Published online by Cambridge University Press: 22 September 2009
Edward W. Said is a celebrated cultural critic and Palestinian activist. He is arguably the most influential American critic of the last quarter century. This book arose from my surprise and bafflement at Said's cryptic, fugitive, but persistent reference to the sacred, religious, theological, and Manichaean. Why these religious references by a self-described secular critic, a thinker whose work, on first glance, seems indifferent if not irrelevant to religious matters? I contend that the presence of these references and others signals the persistence of religion as a Western conceptual category. As with Marx, Nietzsche, and Heidegger before him, religion is the great conceptual dragon that Said must slay. I explore the degree to which religion is as important to Said's critique of culture and imperialism as it is to Marx's critique of capital, Nietzsche's critique of decadence, and Heidegger's critique of metaphysics.

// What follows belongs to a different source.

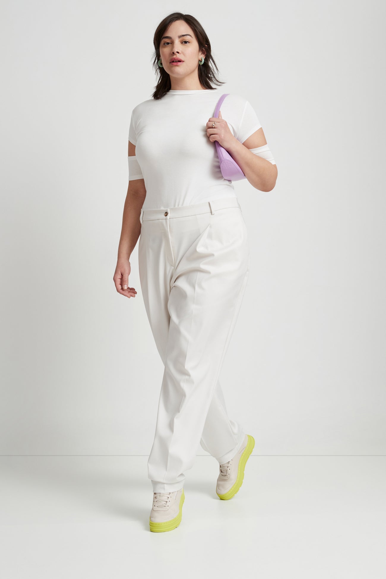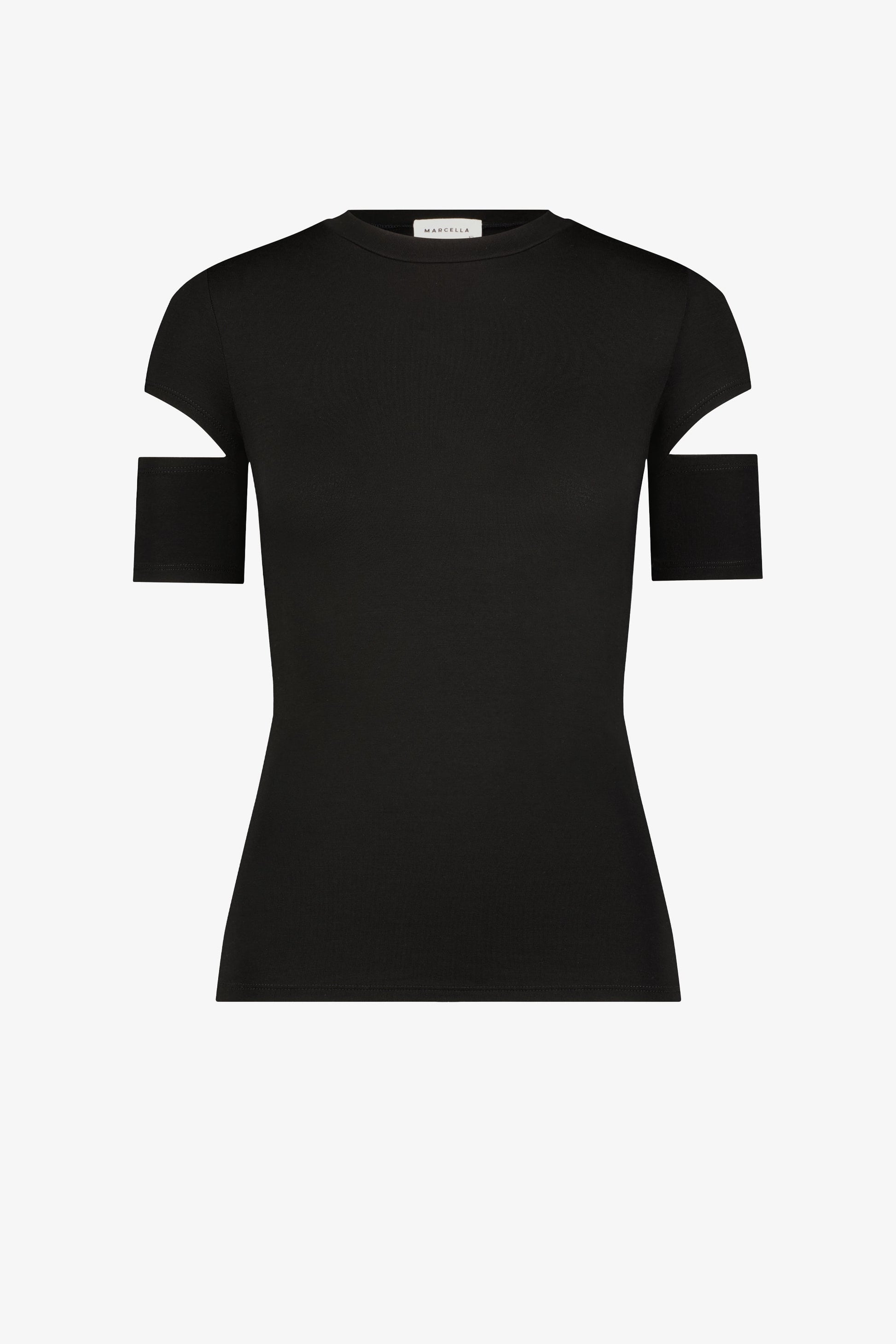 Meet Esme. our essential. versatile top with a twist. She features a round neck and dual cutouts at the sleeves that give her the edge you crave. Fashioned from our silky soft. high-stretch and sustainable European jersey. she's perfect for dressing up or down for that uncomplicated yet hypnotic look.SPLIT

Said is a man of many parts. I highlight some of those parts and leave others in the dark. I give much attention to his Marxism and comparatively little attention to his role as a literary critic. He does not describe himself as a Marxist, but Marxist ideas deeply influence his thinking. As I interpret him, Said reinstates Marx's claim that “the premise of all criticism is the criticism of religion.” Radical criticism, therefore, has a necessary relation to religion, not an accidental one. I know of no other contemporary social critic who is more insistent on this point.